# email announcement list software

## xpunkrockryanx

hey all,

i'm looking for some software that i can use to manage a database of email addresses and send mail to those addresses. i don't want to have a discussion list, just a list where i can send announcements to group members. preferrably it would have a web management interface.

anybody have any recommendations of software i could use or what i should be looking for? it's kinda hard to google for mailing list software because all the links are to sign up for mailing lists...

thanks all!

----------

## tomk

The Gentoo mailing lists use ezmlm, but this is qmail based. Another option is mailman, which has a web interface.
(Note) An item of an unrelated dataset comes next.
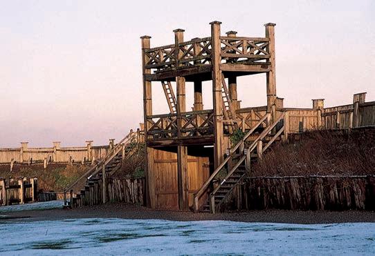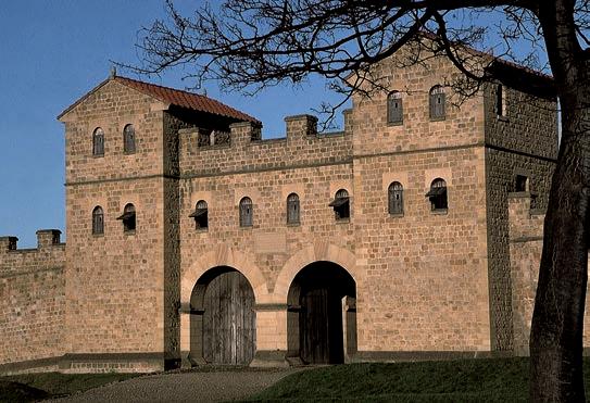 The left picture shows a reconstruction of a wooden gate at a fort in central England (seen from the inside). Right is a reconstructed stone gateway at a fortress used as a supply base for Hadrian’s Wall.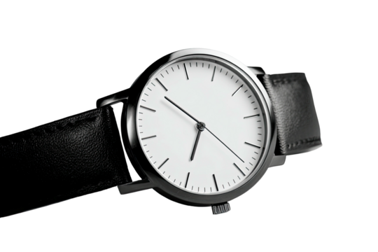 Elegant wristwatch with a minimalist design, featuring a black leather strap on a black background

They're both in Portage.

HTH

----------

## Jaxom

I have the same desire.  However, I don't like mailman and would prefer to avoid it if possible.  I used the virtual mail guide for my server and stopped at the mailman install.  Partly because mailman isn't what I would consider stable yet and nor does gentoo since it's masked.

----------

## xpunkrockryanx

i think mailman is masked because of bugs with the ebuild, not with the mailman software, although i could be wrong.

----------

## Jaxom

Either rate, it's not what I would consider solid software at the moment.  And it actually does more than I really want.  Much like yourself.  I just want something that will read the user database and send the mail to each user on that database or a selected domain only.  Which is what I'm assuming you want as well   :Very Happy: 

----------